Remember my theory about flick going down every time I try to do a
journal entry? It happened while I was working on yesterday's, which
is why the poor thing ends so abruptly. The evidence in favour of my
hypothesis continues to pile up.
Today has been blessedly lazy. I didn't get out of bed until about
1345, and then I laid on the couch and read The
House With a Clock in Its Walls and then
Thrones, Dominations, while Kevin and Pam (who got in around
3am) switched off between napping and watching Gabrielle. Gabrielle is
beautiful and blonde and much bigger than when I saw her at
Thanksgiving, although apparently still small for her age. She's now
cruising, which is to say walking with something to hold on to. She's
also very verbal, and for some reason I keep interpreting her attempts
at speech as Japanese. I'm not sure if this is because watching Sailor
Moon in Japanese is my only real exposure to language I can't
understand, or if the sounds she uses a lot occur most frequently in
Japanese, or something else entirely. It's neat, though.
The books were both pretty good; The House With a Clock in Its
Walls is excellent YA fantasy with the bonus of illustrations by
Edward Gorey. The
story itself is entertaining, although it suffers a very little from
the need of the hero to Learn Things -- by which I mean that it has the
sort of typical underplot of the hero realising things about
friendship, and this I found uninteresting. The main story though is
filled with fantastical wonderment and I do think everyone should read
it.
Thrones, Dominations is a novel started by Dorothy Sayers
and finished by Jill Paton Walsh. I'm not sure how it holds up as a
Sayers novel -- there are pieces which feel completely wrong (such as
the coherency of the Dowager Duchess) -- but I think it stands on its
own as a good book. Instead of having the richness I associate with
Sayers or the layers of my favourite Walsh novel (
Torch) it's rather crisp and cool, almost austere. I think
I might have loved it if there'd been a hint of the strong emotions
which run through Gaudy Night and drive Busman's
Honeymoon, but perhaps that's not territory Walsh is comfortable
in. Still, there are some good thoughts about reasons for writing and
keeping ones intellectual integrity in marriage, which fit nicely with
a lot of Sayers ideas from her earlier books.
After all this intensive lazy reading we went to dinner at Chili's,
where I got spinach & artichoke quesadillas which were medicore, and
then back home.

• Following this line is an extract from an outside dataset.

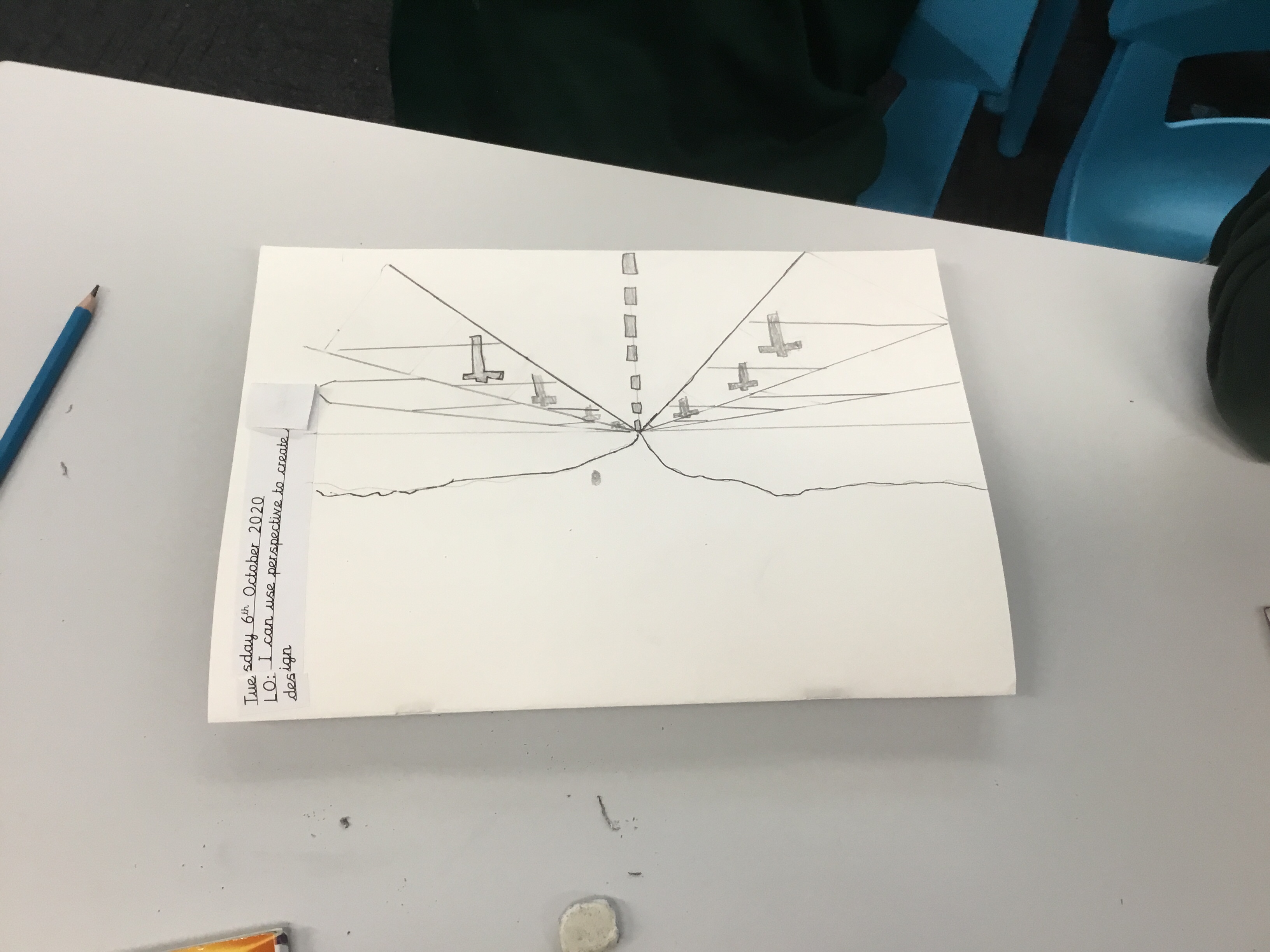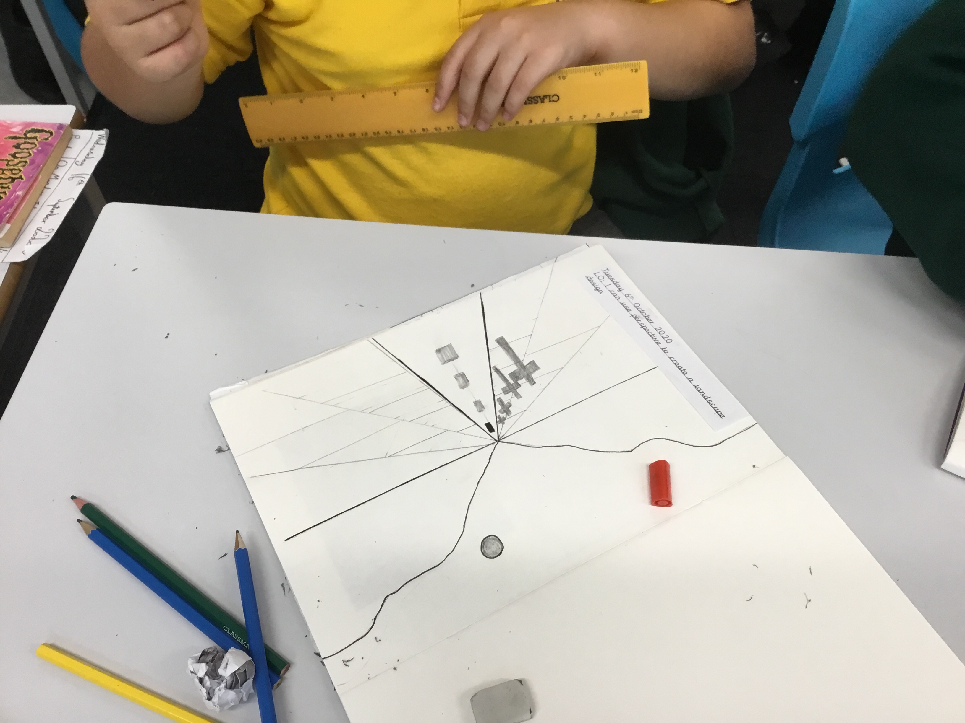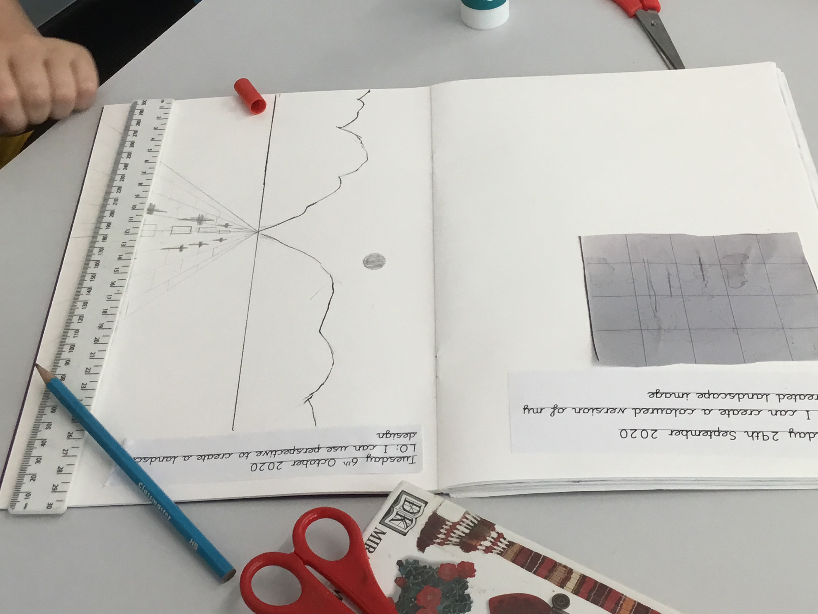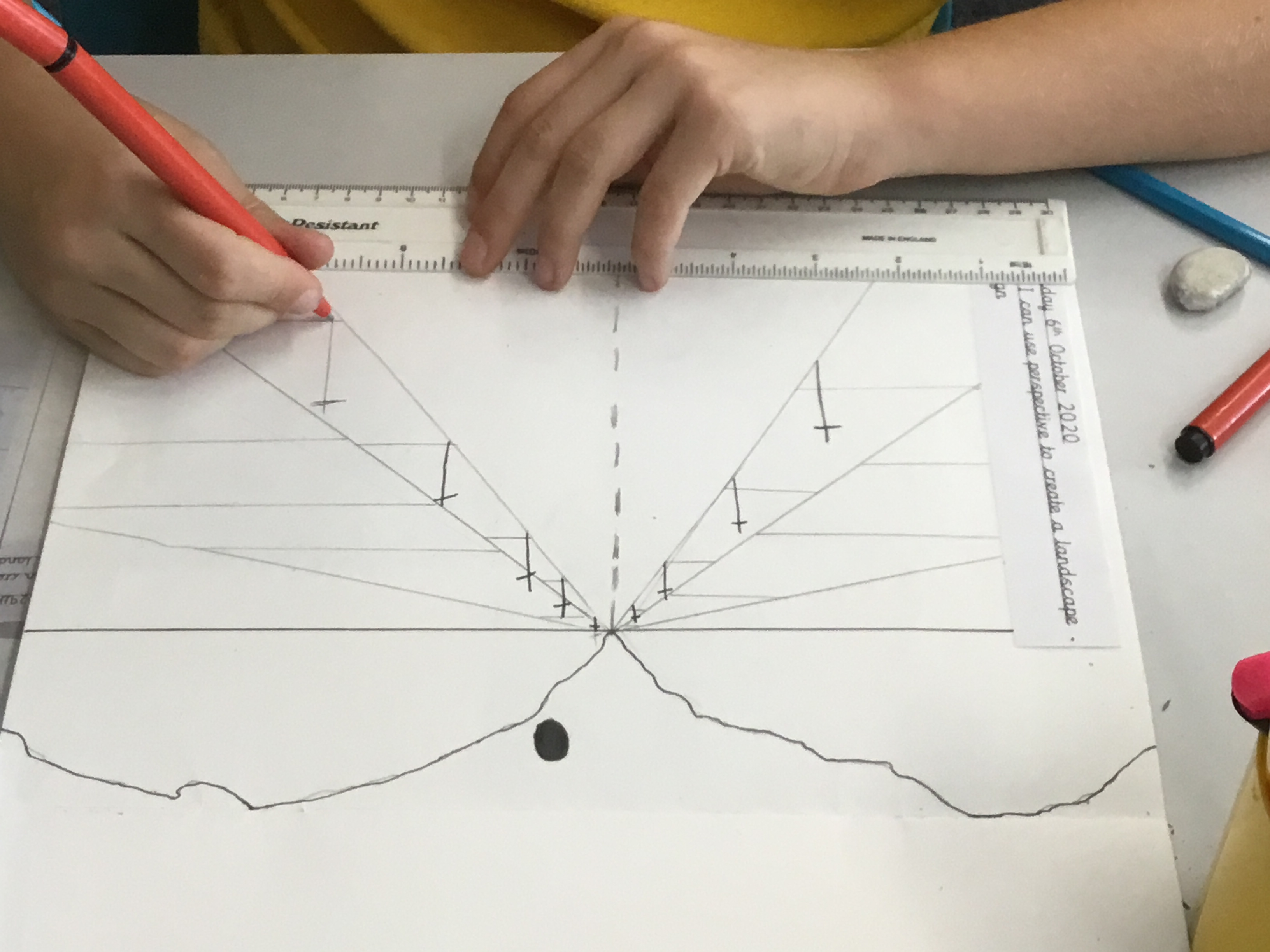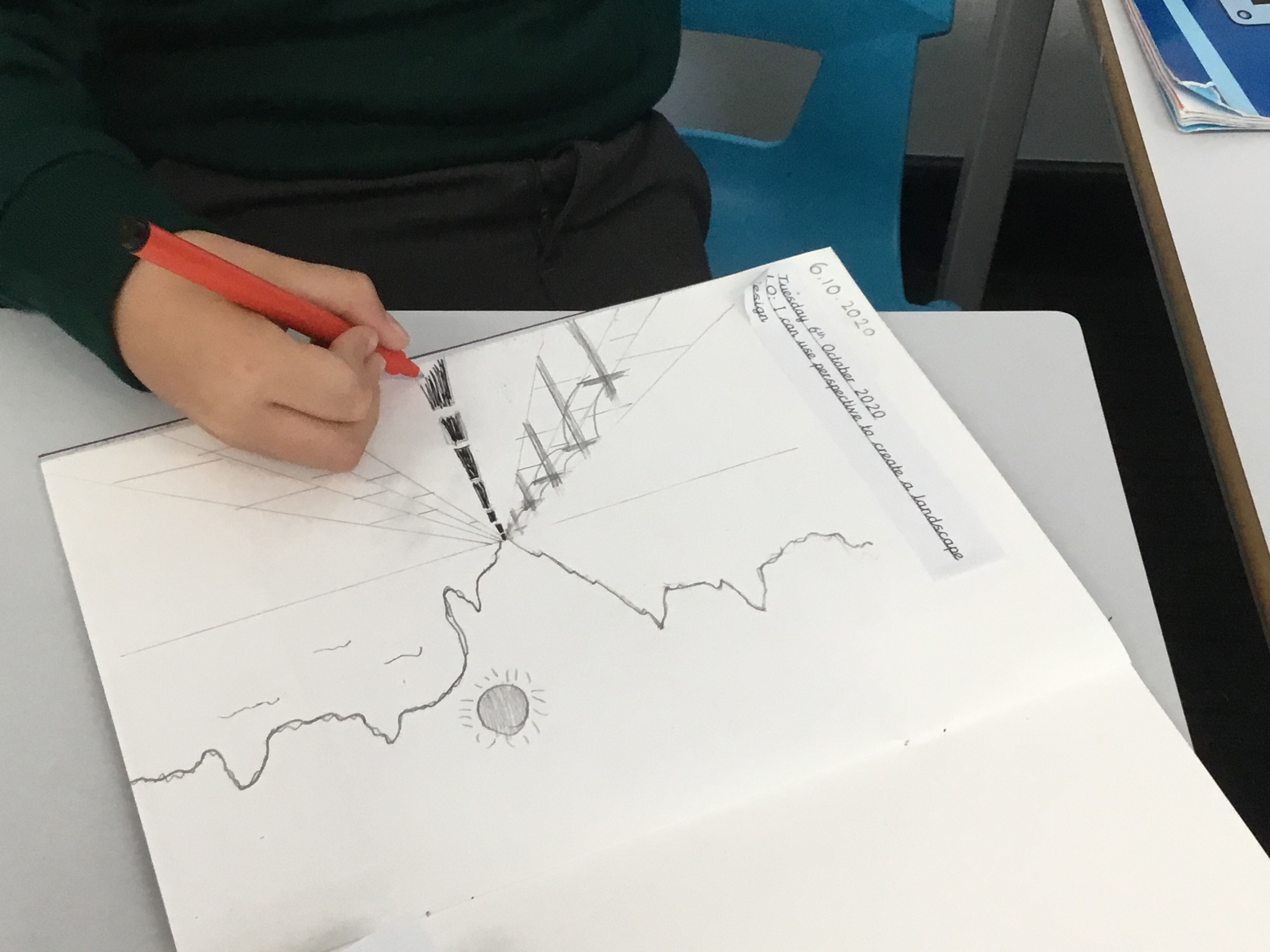 Year 5 sketched a landscape scene using perspective. They were shown step by step how to create the landscape so that they can apply perspective techniques to their own work. They used horizontal lines, vanishing points as well as sketching items in the foreground larger to show distance.

Kevin watched television while Pam read; I toyed
briefly with the thought of starting another book and then ended up in
here. I think now I'll go play some more Might and Magic VII, which is
an awfully complex game -- I'm about twenty levels in and there've been
three plot twists already. It's still not up to the standard set by
Final Fantasy VII, but I'm not sure what could be.